[REQUIREMENT] Using the data below, set down every line from the one containing "Add an air of" through the one containing "Borsa a mano", inclusive and unchanged. Pictures are to be skipped.

[ENTRIES SHOWN]
* * * *

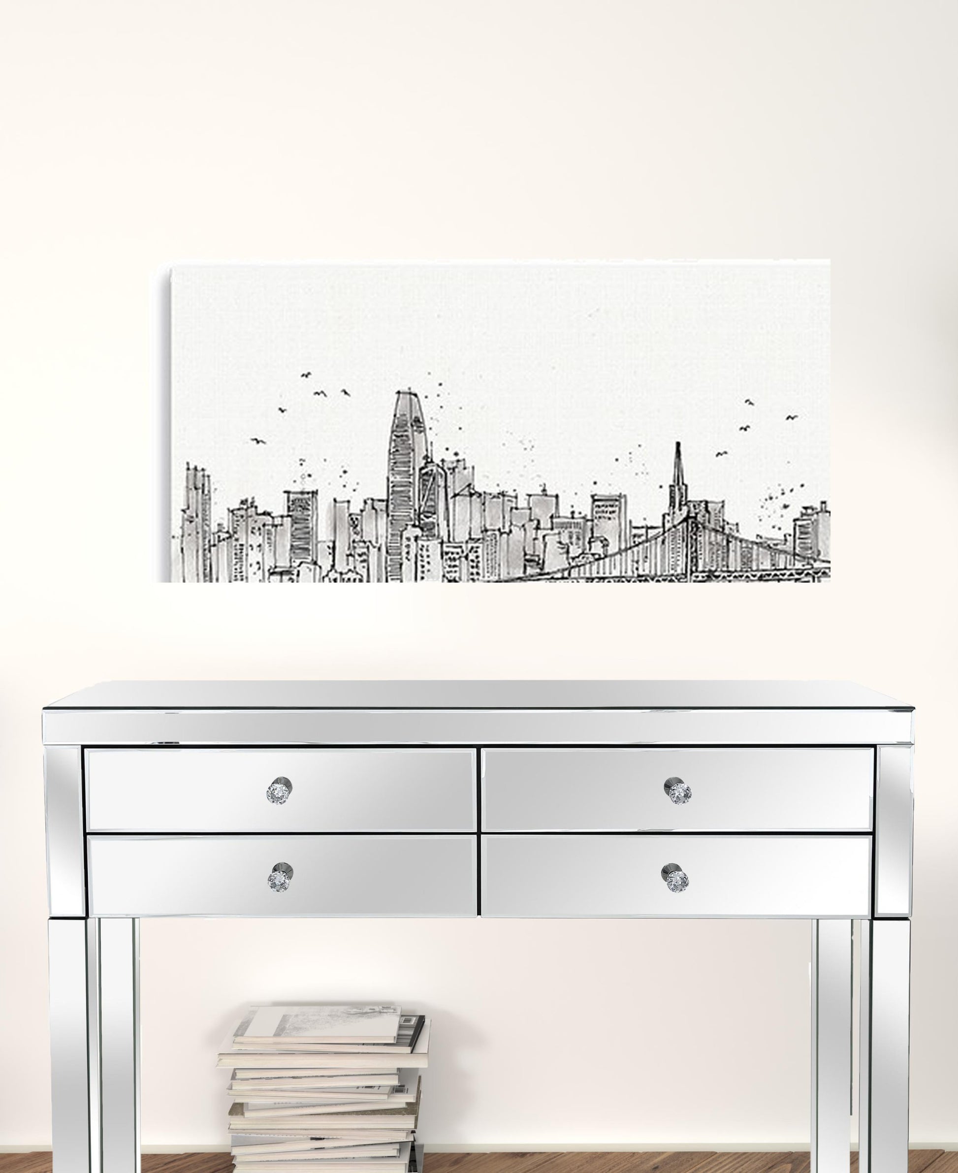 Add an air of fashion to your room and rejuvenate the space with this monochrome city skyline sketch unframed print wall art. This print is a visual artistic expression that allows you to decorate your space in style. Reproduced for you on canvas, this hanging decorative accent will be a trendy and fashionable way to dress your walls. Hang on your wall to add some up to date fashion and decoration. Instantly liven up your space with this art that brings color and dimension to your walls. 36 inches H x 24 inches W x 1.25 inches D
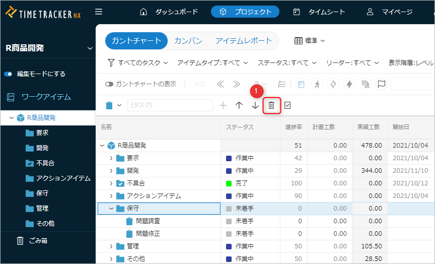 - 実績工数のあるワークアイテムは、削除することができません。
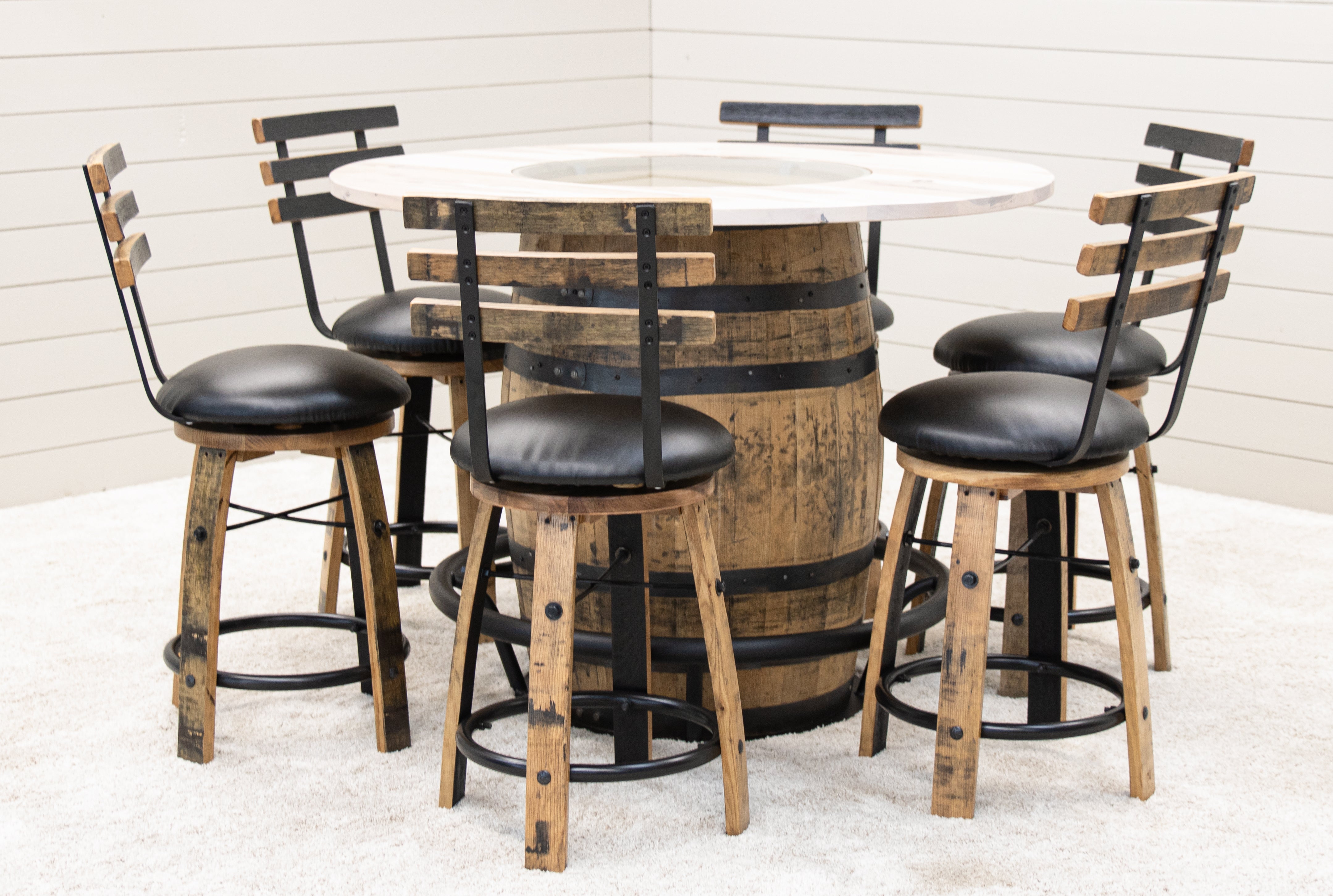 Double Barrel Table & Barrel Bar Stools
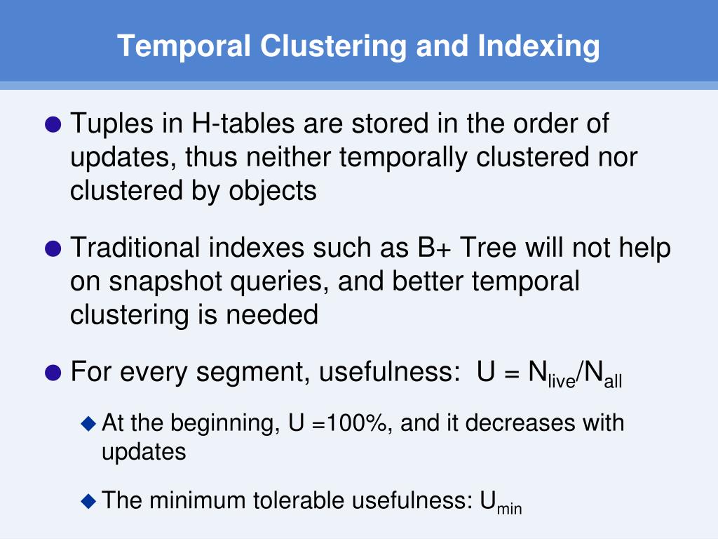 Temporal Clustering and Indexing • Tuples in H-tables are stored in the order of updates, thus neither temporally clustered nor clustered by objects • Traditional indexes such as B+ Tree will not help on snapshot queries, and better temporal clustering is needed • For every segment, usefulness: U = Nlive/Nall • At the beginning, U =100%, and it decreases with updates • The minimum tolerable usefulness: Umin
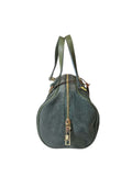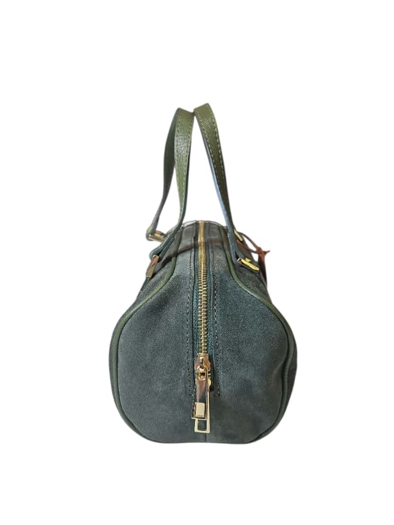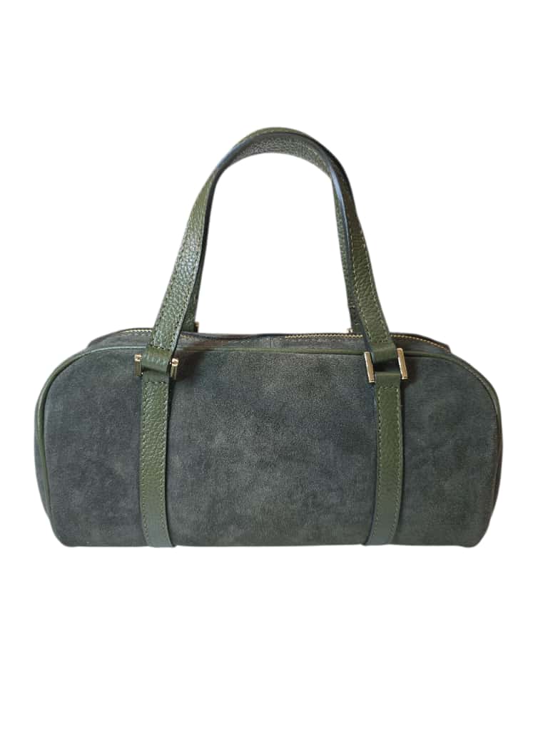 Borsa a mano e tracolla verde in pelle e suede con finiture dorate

* * * *

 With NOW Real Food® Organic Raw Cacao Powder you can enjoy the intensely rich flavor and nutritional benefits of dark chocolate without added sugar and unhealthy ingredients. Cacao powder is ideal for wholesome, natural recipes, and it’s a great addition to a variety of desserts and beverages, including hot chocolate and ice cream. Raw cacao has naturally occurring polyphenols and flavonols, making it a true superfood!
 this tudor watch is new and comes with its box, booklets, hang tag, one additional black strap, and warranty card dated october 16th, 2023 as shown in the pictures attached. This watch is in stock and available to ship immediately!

* * * *

[EXERCISE SOLUTION]
 Add an air of fashion to your room and rejuvenate the space with this monochrome city skyline sketch unframed print wall art. This print is a visual artistic expression that allows you to decorate your space in style. Reproduced for you on canvas, this hanging decorative accent will be a trendy and fashionable way to dress your walls. Hang on your wall to add some up to date fashion and decoration. Instantly liven up your space with this art that brings color and dimension to your walls. 36 inches H x 24 inches W x 1.25 inches D
 - 実績工数のあるワークアイテムは、削除することができません。
 Double Barrel Table & Barrel Bar Stools
 Temporal Clustering and Indexing • Tuples in H-tables are stored in the order of updates, thus neither temporally clustered nor clustered by objects • Traditional indexes such as B+ Tree will not help on snapshot queries, and better temporal clustering is needed • For every segment, usefulness: U = Nlive/Nall • At the beginning, U =100%, and it decreases with updates • The minimum tolerable usefulness: Umin
 Borsa a mano e tracolla verde in pelle e suede con finiture dorate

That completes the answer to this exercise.